In several countries of the region, there are two main ways to increase electric service in rural areas. This first is to expand the network of power lines of electric companies. The second is to install solar panels, which are connected to a network that supplies electricity to households in the most remote areas.

Access to electricity contributes to reducing the use of kerosene lamps, which can be harmful to the respiratory system, and of candles, which are a safety hazard. Having light during the evening hours also increases the amount of time people have to do household chores and study. It also increases rural residents’ possibilities for obtaining an education and developing economic activities.

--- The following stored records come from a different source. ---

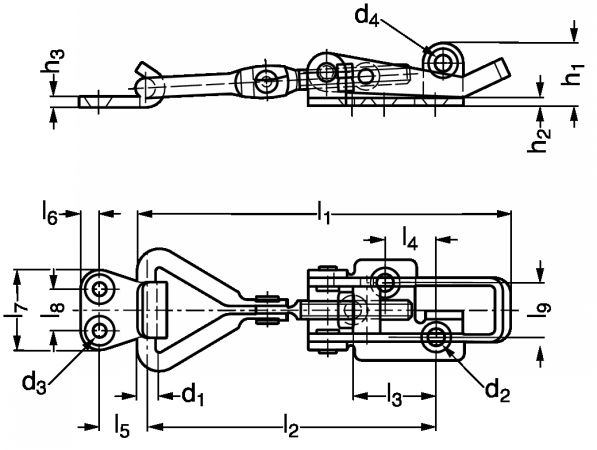 - 36-81 grenouillère à crochet réglable, acier ou inox, avec une distance de serrage l1 variant de 82 à 121 mm.
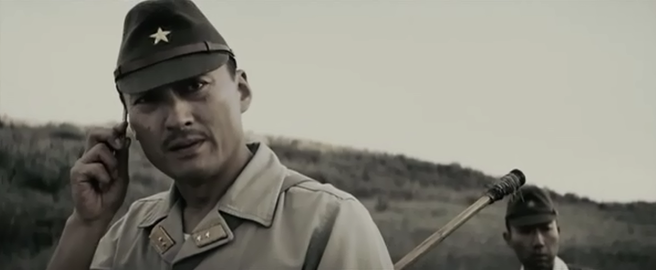 Saigo (Kazunari Ninomiya) dreams of returning to his life as a baker. He yearns to be with his wife and daughter, who was born after he was sent to war. Ninomiya’s character carries the film’s theme of hope. The talented young actor’s unvarnished performance has an innocent vitality that operates on a primal level of childhood innocence. He’s never self-pitying. As such, he gives the audience something to identify with beyond his conflicted sense of humanity and loss.
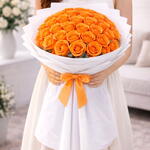 24 rosas naranjas frescas presentadas elegantemente en un envoltorio blanco de primera calidad con una hermosa cinta. Este vibrante ramo irradia energía, calidez y audacia, lo que lo hace perfecto para celebraciones, logros, hitos y regalos motivacionales. Un impresionante arreglo floral que trae alegría a cualquier ocasión.

The usefulness of electricity is not limited to the home. Having electric power in rural health centers ensures adequate refrigeration for storing medicines and vaccines, and sterilizing equipment for medical instruments. Additionally, street lighting helps make communities safer.

In search of light

Rural electrification has been expanding in Peru. Electricity coverage in rural areas increased from 30% in 2007 to 75% in 2014, thanks to initiatives such as FONER, which has been providing electric power to schools, hospitals and community centers since 2006.

An investment subsidy was also created to make rural electrification more attractive to electric companies. Additionally, a regulated tariff was established for solar-powered service in rural areas. This has enabled some 105,000 new household connections, benefiting 450,000 rural residents.

 Additionally, more than 260,000 rural firms used electricity to produce textiles and cereals, coffee, dairy products and other foodstuffs. These companies increased their incomes and productivity by using electric equipment such as heating systems for livestock, cold systems for agriculture, food processing equipment and pumping stations, among others.

This was the experience of Sarita De la Cruz, which makes chocolate and cocoa-based products.

“Initially, I couldn’t run my equipment because we did not have access to three-phase electric power. Before we had electricity, we produced 30 kilos of chocolate monthly; now we produce 350 kilos. The 10 families in our organization work with about 30 cocoa producers.”


More clean energy

The use of solar-powered systems, which provide clean, safe energy, is on the rise. According to WWF Latin America, 19 of the 26 Latin American countries have programs to supply electricity to rural areas using green technology. In Argentina, for example, one project has supplied electricity to over 150,000 families using solar panels, thereby improving the quality of life of rural residents.

Janina Franco, an energy specialist at the World Bank, said: “Rural electrification projects have a broad impact on reducing poverty and improving the quality of life of their beneficiaries, who want to live with dignity in remote areas.”

According to the World Bank, one of every seven people still lives without electricity. Finding new energy sources not only enables more people to enjoy watching television or listening to the radio, but can also help them start or improve a business and even escape poverty.